** Opening RECORDS FOR THIS TASK block **
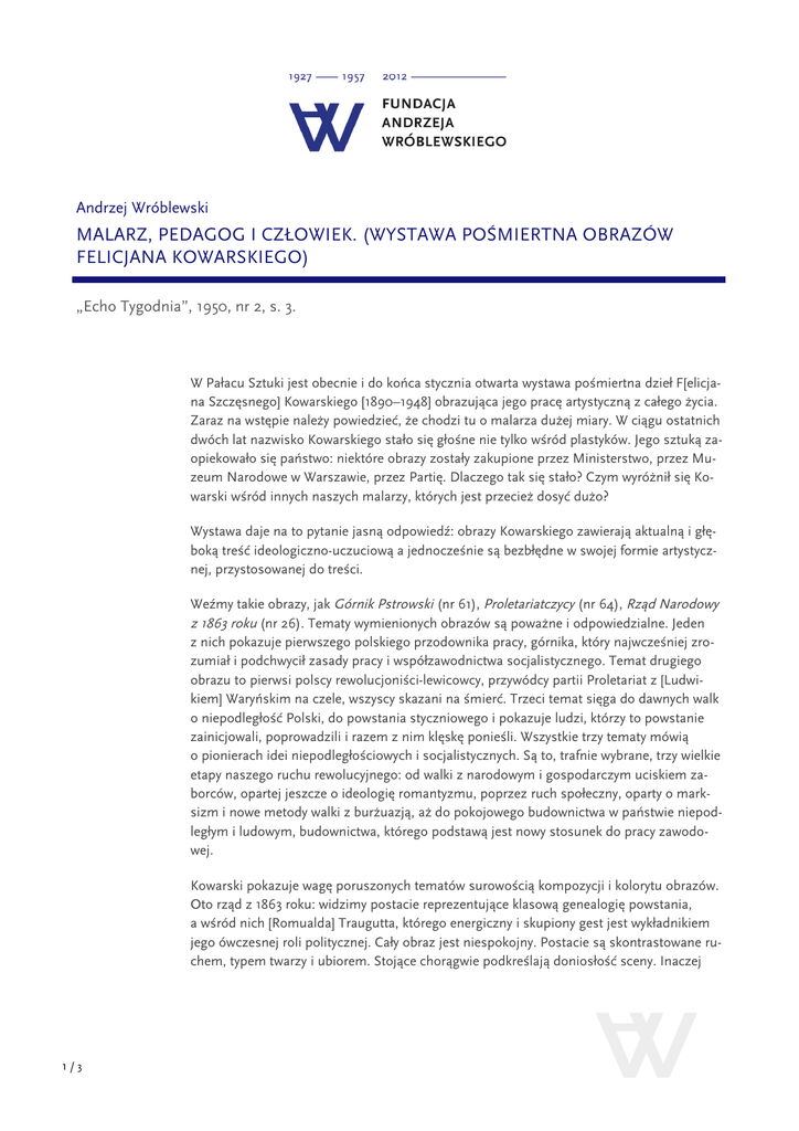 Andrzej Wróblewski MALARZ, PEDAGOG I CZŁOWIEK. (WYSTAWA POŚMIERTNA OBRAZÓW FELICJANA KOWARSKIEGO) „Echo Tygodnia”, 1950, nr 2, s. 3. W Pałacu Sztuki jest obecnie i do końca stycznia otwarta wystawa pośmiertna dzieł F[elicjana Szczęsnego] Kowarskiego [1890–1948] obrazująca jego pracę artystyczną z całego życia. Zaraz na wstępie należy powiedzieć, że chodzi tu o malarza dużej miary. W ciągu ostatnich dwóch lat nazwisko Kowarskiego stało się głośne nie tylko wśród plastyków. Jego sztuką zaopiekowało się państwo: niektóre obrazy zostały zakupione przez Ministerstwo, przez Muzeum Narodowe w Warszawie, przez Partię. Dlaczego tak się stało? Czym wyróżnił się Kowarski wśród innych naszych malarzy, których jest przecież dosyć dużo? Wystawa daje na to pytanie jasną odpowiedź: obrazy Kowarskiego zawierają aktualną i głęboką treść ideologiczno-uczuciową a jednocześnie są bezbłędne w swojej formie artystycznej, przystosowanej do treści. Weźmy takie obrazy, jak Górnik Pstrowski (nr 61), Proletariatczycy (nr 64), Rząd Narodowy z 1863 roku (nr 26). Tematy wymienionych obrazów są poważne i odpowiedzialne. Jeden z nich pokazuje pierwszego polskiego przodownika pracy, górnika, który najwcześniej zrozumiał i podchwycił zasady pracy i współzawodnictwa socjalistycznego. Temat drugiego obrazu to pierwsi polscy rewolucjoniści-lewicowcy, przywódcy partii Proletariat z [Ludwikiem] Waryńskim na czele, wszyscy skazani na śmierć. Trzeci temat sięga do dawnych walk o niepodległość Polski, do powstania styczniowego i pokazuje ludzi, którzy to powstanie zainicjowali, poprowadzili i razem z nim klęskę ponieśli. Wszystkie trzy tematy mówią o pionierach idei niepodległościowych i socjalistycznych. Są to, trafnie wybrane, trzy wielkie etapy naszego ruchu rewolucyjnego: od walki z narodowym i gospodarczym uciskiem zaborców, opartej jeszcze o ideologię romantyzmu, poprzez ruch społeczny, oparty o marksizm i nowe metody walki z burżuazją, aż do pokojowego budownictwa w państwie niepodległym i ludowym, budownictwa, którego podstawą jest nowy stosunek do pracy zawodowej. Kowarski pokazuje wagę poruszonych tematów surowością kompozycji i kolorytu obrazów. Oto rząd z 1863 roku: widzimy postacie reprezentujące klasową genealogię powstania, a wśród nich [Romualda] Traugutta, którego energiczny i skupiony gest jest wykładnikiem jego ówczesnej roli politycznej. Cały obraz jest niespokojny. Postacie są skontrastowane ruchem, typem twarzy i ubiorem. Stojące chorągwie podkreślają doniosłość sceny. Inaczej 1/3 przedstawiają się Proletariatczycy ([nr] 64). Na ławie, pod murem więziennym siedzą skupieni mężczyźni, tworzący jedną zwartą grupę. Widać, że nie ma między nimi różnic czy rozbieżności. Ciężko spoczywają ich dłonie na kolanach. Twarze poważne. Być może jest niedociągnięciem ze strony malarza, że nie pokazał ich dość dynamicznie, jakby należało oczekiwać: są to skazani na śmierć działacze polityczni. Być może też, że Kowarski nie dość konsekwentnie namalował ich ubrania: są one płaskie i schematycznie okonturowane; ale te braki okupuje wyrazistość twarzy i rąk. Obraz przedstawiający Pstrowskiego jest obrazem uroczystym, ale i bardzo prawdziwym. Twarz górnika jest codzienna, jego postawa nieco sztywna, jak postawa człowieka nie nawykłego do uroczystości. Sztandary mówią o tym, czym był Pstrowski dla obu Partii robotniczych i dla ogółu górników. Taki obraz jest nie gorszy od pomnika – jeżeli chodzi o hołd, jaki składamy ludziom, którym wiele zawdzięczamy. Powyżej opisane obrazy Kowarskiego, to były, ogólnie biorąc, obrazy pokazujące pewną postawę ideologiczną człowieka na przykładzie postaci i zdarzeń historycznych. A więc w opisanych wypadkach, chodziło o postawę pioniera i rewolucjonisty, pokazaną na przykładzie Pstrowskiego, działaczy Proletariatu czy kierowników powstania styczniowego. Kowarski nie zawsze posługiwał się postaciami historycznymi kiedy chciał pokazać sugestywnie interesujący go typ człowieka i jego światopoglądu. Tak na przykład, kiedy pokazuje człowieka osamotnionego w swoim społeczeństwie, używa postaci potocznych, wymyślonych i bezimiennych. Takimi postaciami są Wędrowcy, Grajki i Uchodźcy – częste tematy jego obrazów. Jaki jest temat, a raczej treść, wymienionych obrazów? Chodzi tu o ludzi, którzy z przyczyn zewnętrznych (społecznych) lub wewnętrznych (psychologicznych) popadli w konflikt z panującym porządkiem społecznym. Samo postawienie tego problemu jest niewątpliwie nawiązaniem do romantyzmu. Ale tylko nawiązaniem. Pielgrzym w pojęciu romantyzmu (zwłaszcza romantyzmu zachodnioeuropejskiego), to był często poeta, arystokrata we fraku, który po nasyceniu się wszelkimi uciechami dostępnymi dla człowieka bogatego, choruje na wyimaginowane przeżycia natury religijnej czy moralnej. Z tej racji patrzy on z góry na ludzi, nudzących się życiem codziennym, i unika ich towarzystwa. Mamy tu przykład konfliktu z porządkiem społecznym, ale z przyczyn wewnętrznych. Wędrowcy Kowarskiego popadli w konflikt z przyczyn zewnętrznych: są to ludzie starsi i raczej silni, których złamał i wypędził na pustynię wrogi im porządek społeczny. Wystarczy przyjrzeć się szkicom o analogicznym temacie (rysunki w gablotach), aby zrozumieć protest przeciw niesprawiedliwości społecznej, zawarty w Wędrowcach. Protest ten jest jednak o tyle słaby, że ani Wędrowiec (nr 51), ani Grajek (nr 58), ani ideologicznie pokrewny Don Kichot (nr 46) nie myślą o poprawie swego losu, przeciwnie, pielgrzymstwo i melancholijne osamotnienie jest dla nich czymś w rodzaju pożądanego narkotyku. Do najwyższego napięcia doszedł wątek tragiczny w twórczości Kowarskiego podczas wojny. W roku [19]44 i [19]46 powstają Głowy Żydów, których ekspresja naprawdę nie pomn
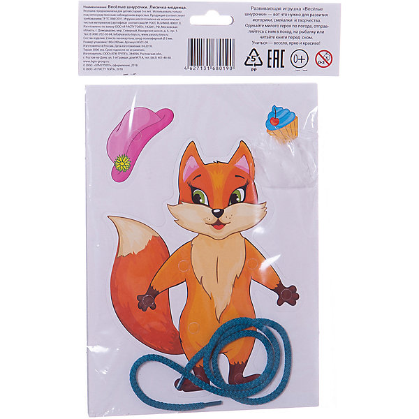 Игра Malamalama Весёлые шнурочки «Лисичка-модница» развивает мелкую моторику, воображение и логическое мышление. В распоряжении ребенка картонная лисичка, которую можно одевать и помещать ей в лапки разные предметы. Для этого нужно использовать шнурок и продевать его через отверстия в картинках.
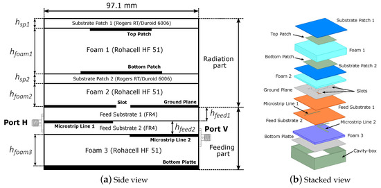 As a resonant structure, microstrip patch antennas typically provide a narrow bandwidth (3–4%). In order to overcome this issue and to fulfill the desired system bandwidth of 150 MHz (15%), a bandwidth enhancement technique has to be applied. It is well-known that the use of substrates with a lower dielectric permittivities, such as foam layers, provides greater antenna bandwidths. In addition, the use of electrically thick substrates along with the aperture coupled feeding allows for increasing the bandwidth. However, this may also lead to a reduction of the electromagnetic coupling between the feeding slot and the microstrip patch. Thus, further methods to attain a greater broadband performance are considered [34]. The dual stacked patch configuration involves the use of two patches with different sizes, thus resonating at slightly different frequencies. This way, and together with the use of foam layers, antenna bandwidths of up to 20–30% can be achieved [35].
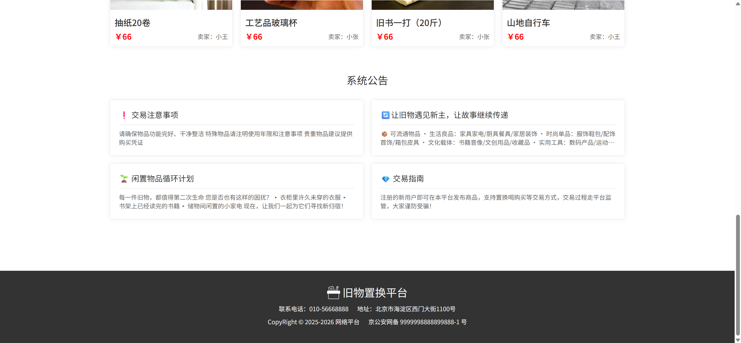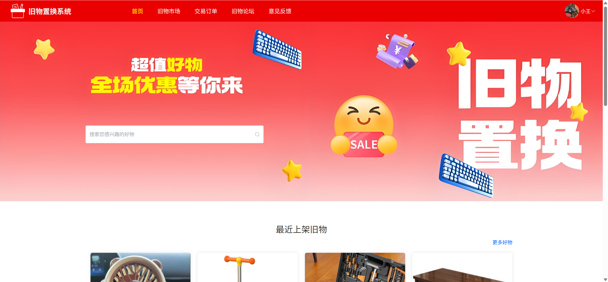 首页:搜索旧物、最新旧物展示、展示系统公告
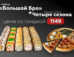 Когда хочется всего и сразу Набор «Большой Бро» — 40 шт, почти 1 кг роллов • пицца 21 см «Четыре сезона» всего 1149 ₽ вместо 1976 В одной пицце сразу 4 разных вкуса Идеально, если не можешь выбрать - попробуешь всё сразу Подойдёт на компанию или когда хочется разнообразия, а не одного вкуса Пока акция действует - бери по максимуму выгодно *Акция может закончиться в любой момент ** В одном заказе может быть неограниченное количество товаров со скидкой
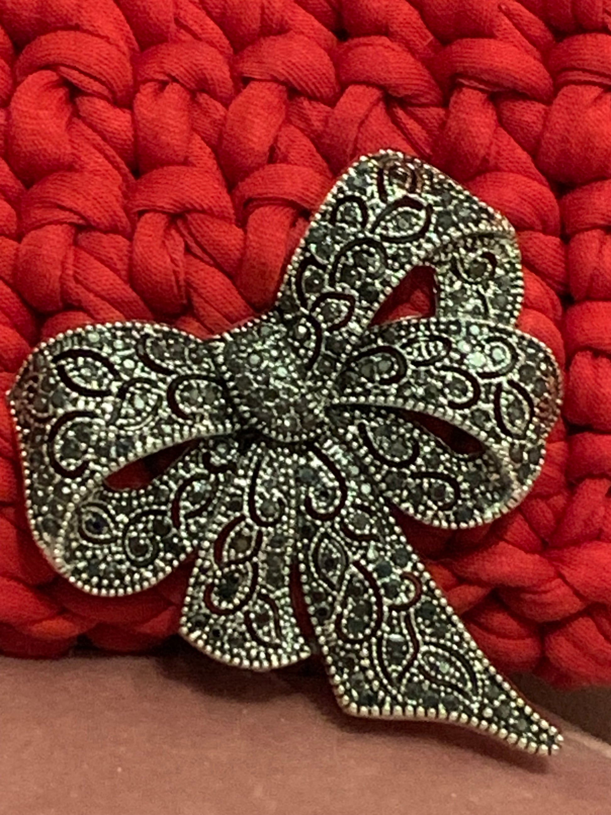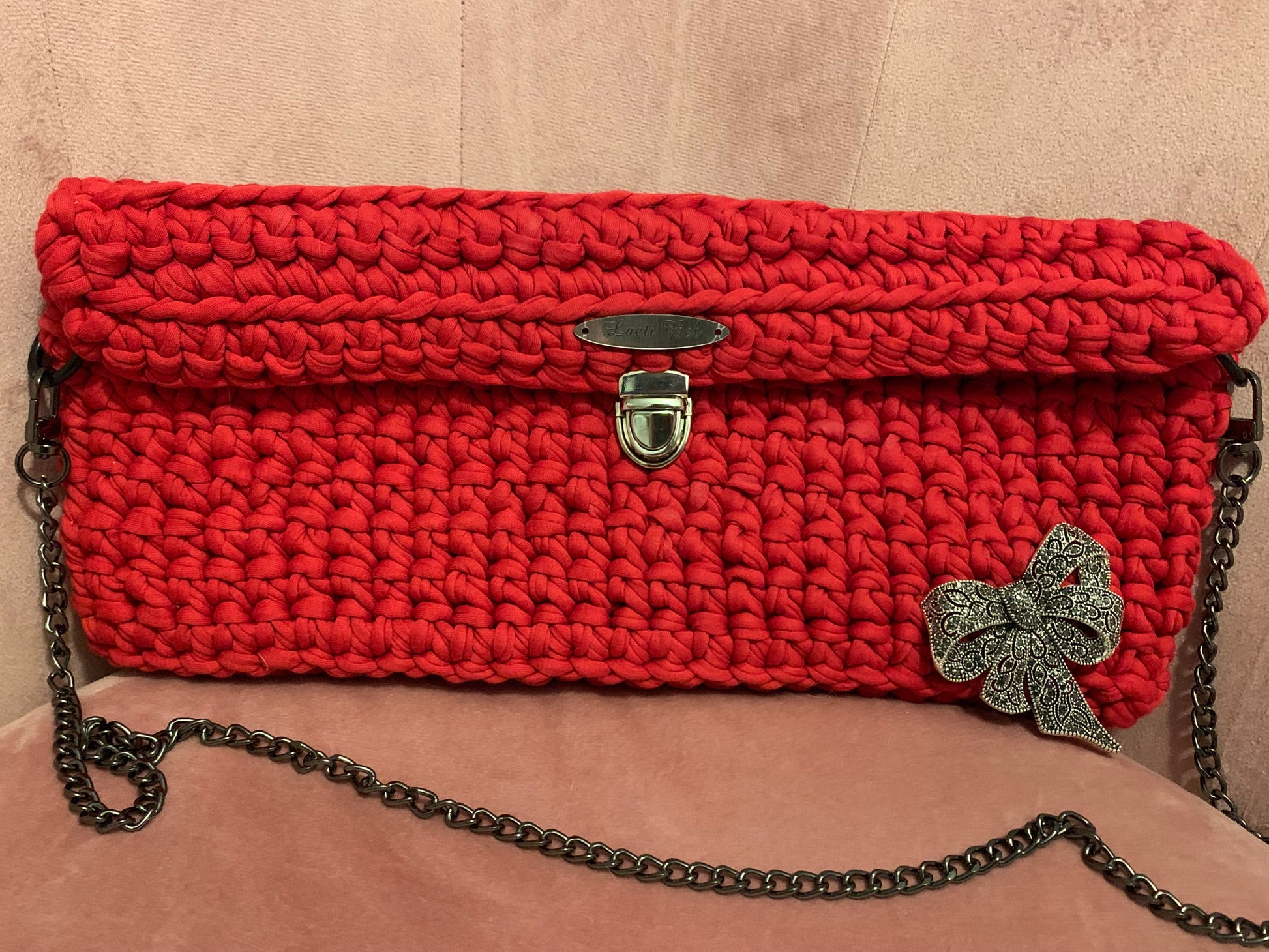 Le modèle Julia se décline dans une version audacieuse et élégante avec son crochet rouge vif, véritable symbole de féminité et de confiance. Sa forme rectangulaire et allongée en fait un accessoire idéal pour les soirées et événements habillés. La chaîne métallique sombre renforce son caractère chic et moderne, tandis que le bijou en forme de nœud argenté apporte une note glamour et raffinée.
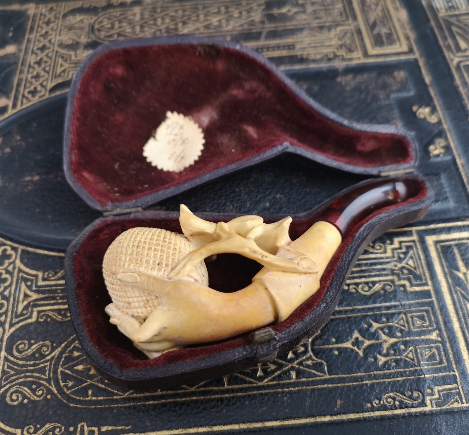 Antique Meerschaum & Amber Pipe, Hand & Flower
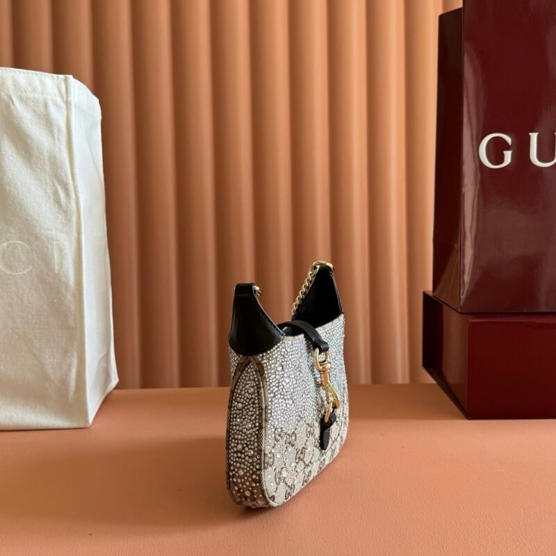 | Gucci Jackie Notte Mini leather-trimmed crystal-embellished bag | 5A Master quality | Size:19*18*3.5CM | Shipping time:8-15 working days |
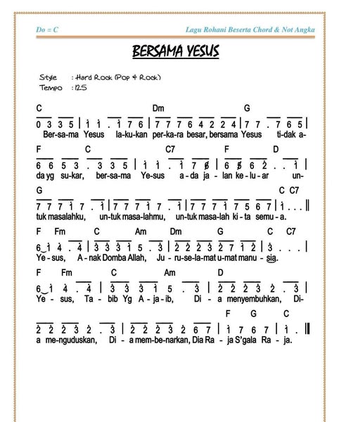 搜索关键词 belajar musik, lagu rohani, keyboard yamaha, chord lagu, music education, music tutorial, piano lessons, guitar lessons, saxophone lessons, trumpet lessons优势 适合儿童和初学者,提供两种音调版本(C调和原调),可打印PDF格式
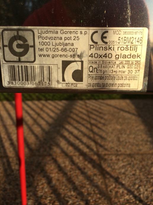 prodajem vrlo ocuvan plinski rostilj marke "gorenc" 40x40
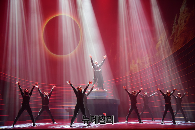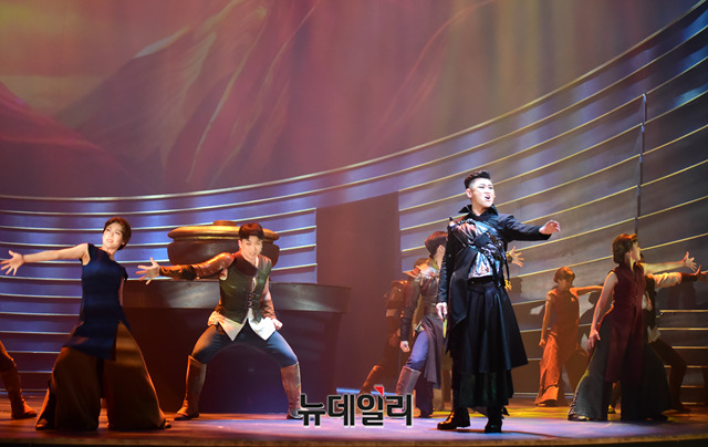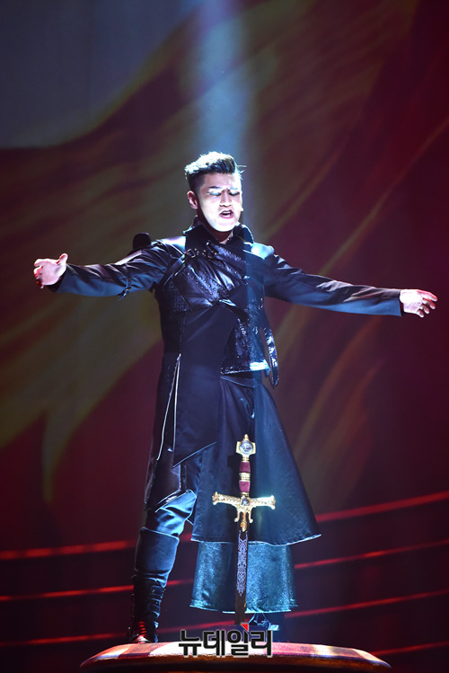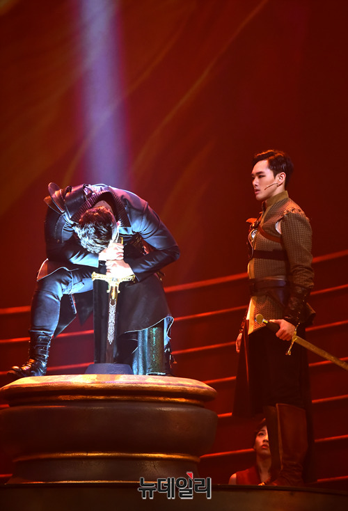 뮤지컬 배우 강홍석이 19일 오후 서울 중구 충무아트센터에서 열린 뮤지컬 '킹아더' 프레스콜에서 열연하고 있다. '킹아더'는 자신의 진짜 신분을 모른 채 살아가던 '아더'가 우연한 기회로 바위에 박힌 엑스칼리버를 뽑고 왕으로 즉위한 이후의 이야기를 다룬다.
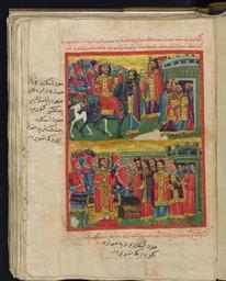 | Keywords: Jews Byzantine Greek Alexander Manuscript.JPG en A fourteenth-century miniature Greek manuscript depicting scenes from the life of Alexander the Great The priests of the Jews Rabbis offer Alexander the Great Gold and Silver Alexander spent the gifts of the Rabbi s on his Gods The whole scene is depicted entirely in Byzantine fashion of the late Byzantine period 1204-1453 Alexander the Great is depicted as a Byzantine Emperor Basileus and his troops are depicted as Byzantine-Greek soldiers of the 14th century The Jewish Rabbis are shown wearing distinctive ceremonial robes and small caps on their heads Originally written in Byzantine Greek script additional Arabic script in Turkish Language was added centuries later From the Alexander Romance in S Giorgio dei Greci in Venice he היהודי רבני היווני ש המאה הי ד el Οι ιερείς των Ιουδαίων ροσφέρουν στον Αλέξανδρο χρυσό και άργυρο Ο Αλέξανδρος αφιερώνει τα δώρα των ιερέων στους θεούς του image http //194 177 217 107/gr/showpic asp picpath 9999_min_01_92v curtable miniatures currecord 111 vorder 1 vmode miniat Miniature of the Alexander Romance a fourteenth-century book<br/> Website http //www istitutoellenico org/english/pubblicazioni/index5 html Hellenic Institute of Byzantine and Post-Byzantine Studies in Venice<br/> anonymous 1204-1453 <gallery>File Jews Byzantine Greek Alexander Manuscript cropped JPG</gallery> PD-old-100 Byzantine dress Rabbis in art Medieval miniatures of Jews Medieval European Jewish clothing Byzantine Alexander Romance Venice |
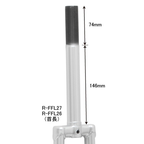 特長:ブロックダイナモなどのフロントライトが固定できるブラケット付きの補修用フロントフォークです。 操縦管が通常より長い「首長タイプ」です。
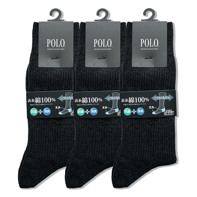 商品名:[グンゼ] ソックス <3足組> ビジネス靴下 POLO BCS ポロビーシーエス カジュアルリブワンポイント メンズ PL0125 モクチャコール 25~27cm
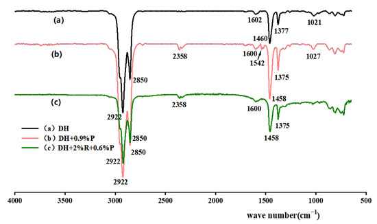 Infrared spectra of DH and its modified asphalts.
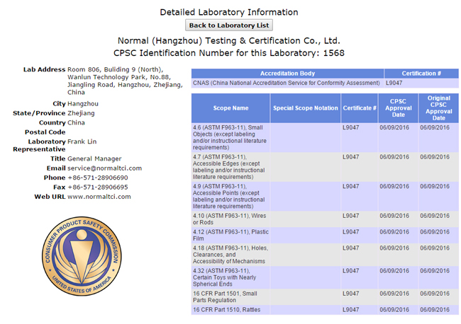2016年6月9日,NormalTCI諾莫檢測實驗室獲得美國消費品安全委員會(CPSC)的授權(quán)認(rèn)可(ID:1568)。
** Closing RECORDS FOR THIS TASK block **
◆ PROBLEM STATEMENT
In the data above, find the line containing "首页:搜索旧物、最新旧物展示、展示系统公告" and the line containing "Когда хочется всего". Copy exactly the stretch from the first through the second, both included, leaving out any picture.

◆ EXPECTED ANSWER
 首页:搜索旧物、最新旧物展示、展示系统公告
 Когда хочется всего и сразу Набор «Большой Бро» — 40 шт, почти 1 кг роллов • пицца 21 см «Четыре сезона» всего 1149 ₽ вместо 1976 В одной пицце сразу 4 разных вкуса Идеально, если не можешь выбрать - попробуешь всё сразу Подойдёт на компанию или когда хочется разнообразия, а не одного вкуса Пока акция действует - бери по максимуму выгодно *Акция может закончиться в любой момент ** В одном заказе может быть неограниченное количество товаров со скидкой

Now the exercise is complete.